__WORK ORDER__
Exclude the pictures, and otherwise reproduce the data in full.

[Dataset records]
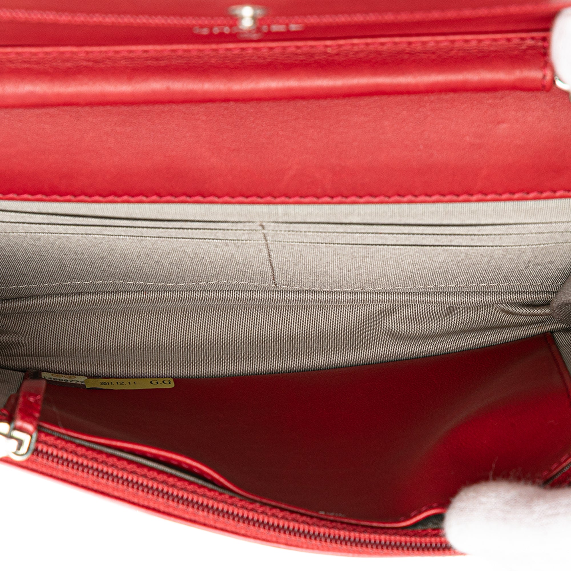 Product Details: Red Chanel CC Calfskin Wallet On Chain Crossbody Bag. This wallet on chain features a caviar leather body, a leather woven chain link strap, a top flap with a magnetic closure, an interior zip compartment, and interior zip and slip pockets. 5.1" L x 7.5" W x 1.2" D. Serial number 14660777.
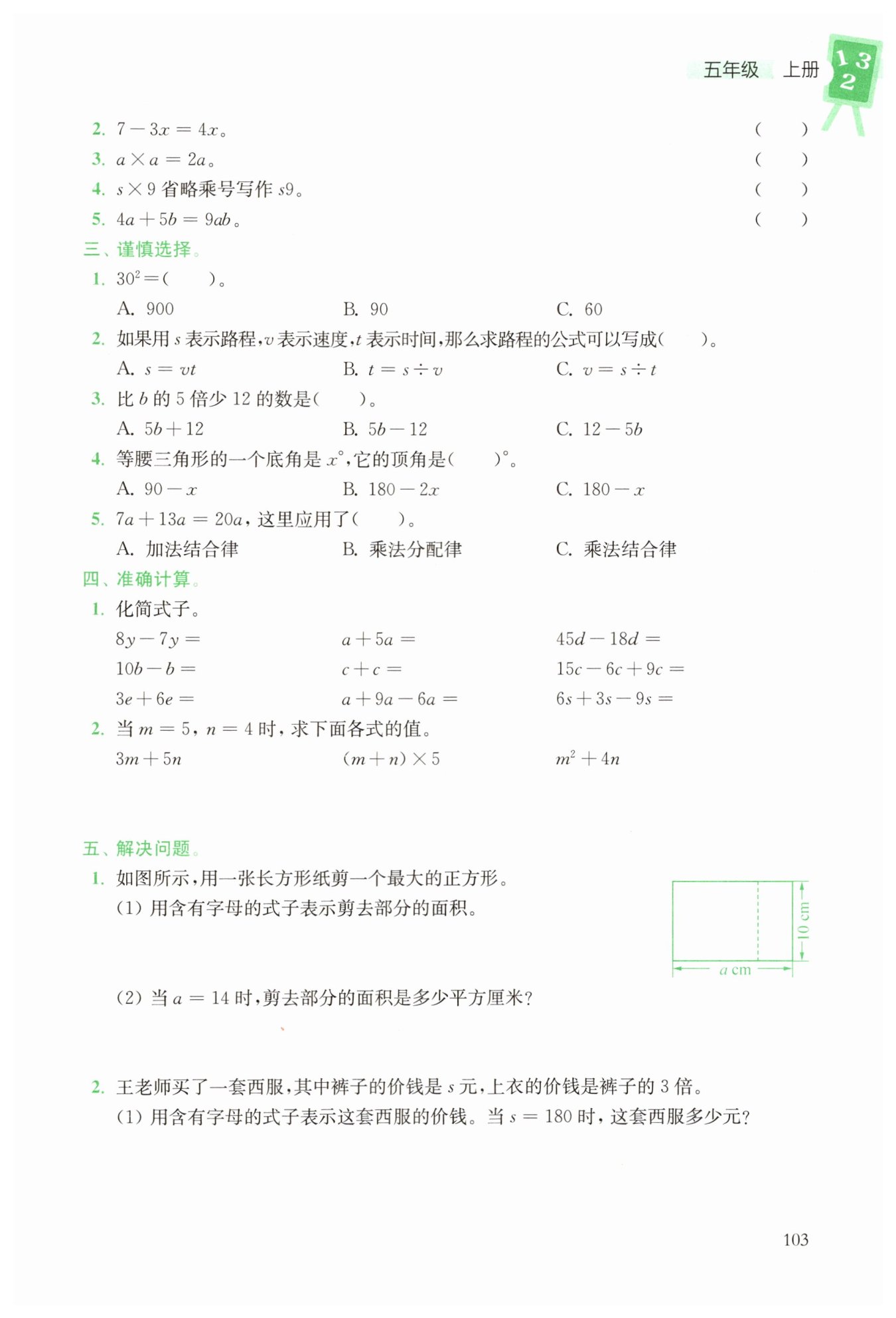比b的5倍少12的數(shù),先算b的5倍是5b,再少12,即5b-12。
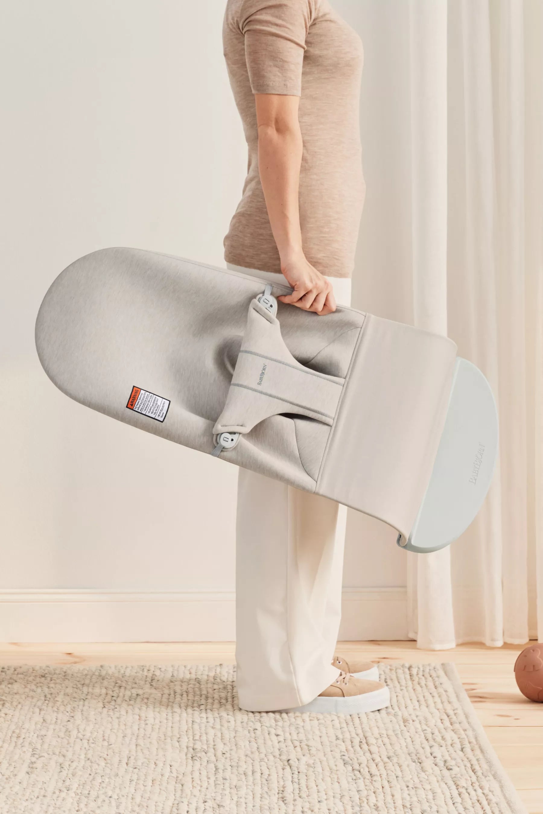 Bouncer Bliss is a lightweight and handy baby bouncer with a gray frame and a fabric seat in super-soft 3D jersey or airy mesh.The differences between our baby bouncers are the color of the frame and the material of the accompanying fabric seat. The fabric seats fit all of our baby bouncers and can be purchased separately, so it’s easy to switch if you want a different color or fabric.
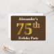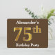 Brown, Faux Gold 75th Birthday Party; Custom Name Invitation
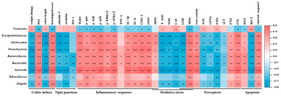 Spearman correlation analysis between intestinal flora and colitis-related indices. (* p < 0.05, ** p < 0.01, and *** p < 0.001).
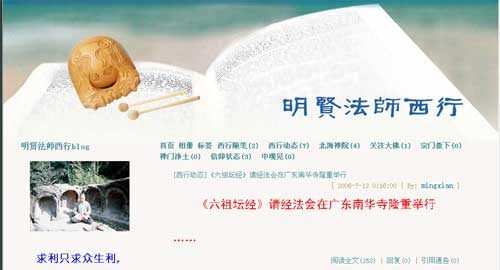 今年33岁的明贤法师19岁即剃度,他对记者说,在确定他为西行的僧人的20天前,他才知道这个消息。他说:“心即世界,心平和,世界才能平和;心和谐,世界才能和谐。”因此,他将怀着一个和尚的心情去西行。

__THE COMPLETED TASK__
 Product Details: Red Chanel CC Calfskin Wallet On Chain Crossbody Bag. This wallet on chain features a caviar leather body, a leather woven chain link strap, a top flap with a magnetic closure, an interior zip compartment, and interior zip and slip pockets. 5.1" L x 7.5" W x 1.2" D. Serial number 14660777.
比b的5倍少12的數(shù),先算b的5倍是5b,再少12,即5b-12。
 Bouncer Bliss is a lightweight and handy baby bouncer with a gray frame and a fabric seat in super-soft 3D jersey or airy mesh.The differences between our baby bouncers are the color of the frame and the material of the accompanying fabric seat. The fabric seats fit all of our baby bouncers and can be purchased separately, so it’s easy to switch if you want a different color or fabric.
 Brown, Faux Gold 75th Birthday Party; Custom Name Invitation
 Spearman correlation analysis between intestinal flora and colitis-related indices. (* p < 0.05, ** p < 0.01, and *** p < 0.001).
 今年33岁的明贤法师19岁即剃度,他对记者说,在确定他为西行的僧人的20天前,他才知道这个消息。他说:“心即世界,心平和,世界才能平和;心和谐,世界才能和谐。”因此,他将怀着一个和尚的心情去西行。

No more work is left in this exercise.